- _Problem to work on_: Once the pictures are set aside, transcribe each line of the data exactly.
**** Given information
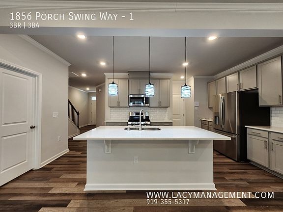 Discover modern comfort and effortless living at 1856 Porch Swing Way, located in the desirable Depot 499 community in Apex. This beautifully designed 3-bedroom, 2.5-bath townhome offers 1,990 sq ft of bright, open-concept living with thoughtful finishes throughout.
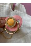 Tiny Wood Altın Kaplama İsimli Zirkon Taşlı Silikon Emzik Seti (0-6 Ay) – Damaklı & Kişiye Özel Pembe
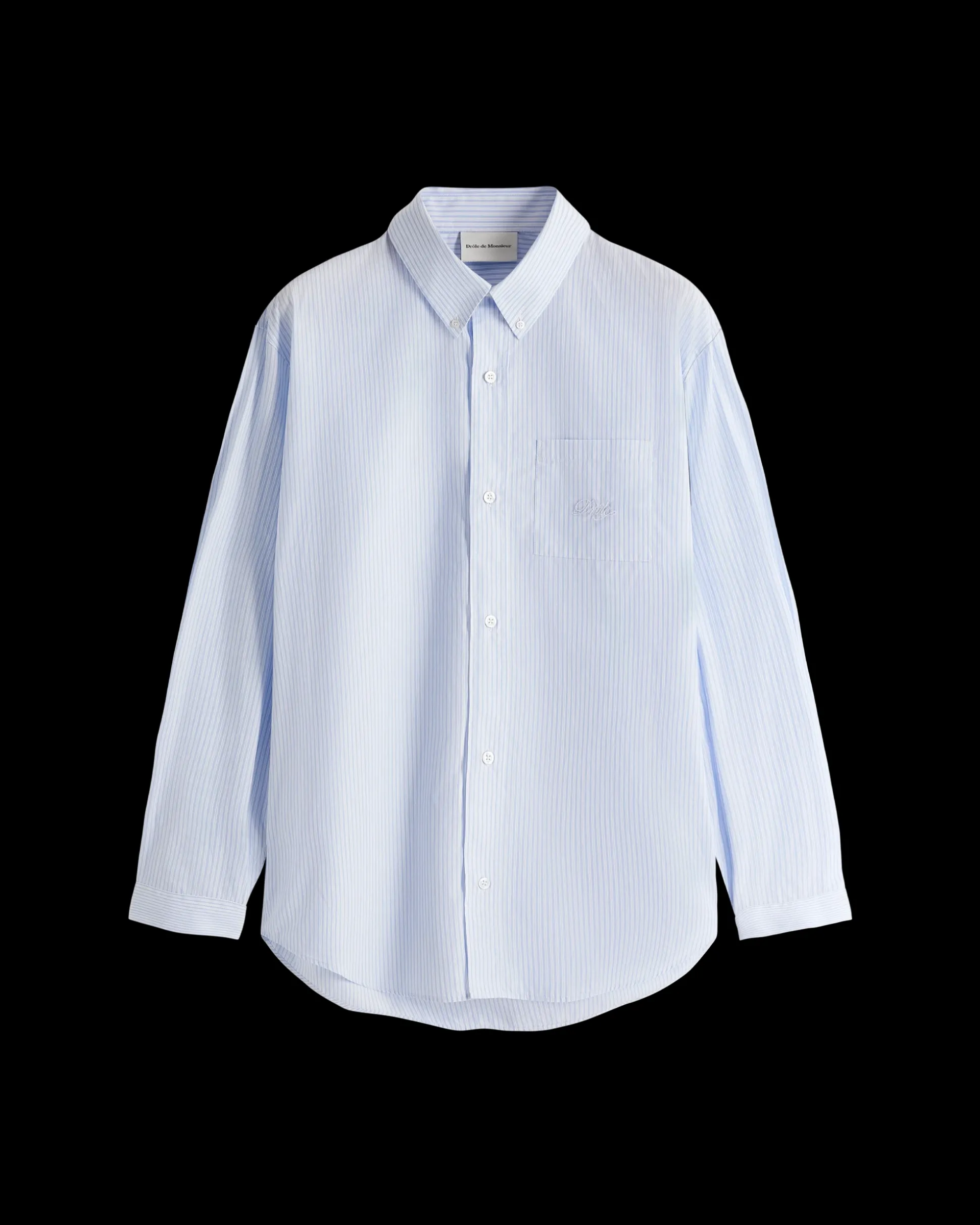 This light blue 100% cotton striped shirt has long sleeves with wrist buttons, a patch pocket on the chest with a ‘Drôle’ embroidery and six engraved buttons on the front.
********
- _Result of the exercise_:
 Discover modern comfort and effortless living at 1856 Porch Swing Way, located in the desirable Depot 499 community in Apex. This beautifully designed 3-bedroom, 2.5-bath townhome offers 1,990 sq ft of bright, open-concept living with thoughtful finishes throughout.
 Tiny Wood Altın Kaplama İsimli Zirkon Taşlı Silikon Emzik Seti (0-6 Ay) – Damaklı & Kişiye Özel Pembe
 This light blue 100% cotton striped shirt has long sleeves with wrist buttons, a patch pocket on the chest with a ‘Drôle’ embroidery and six engraved buttons on the front.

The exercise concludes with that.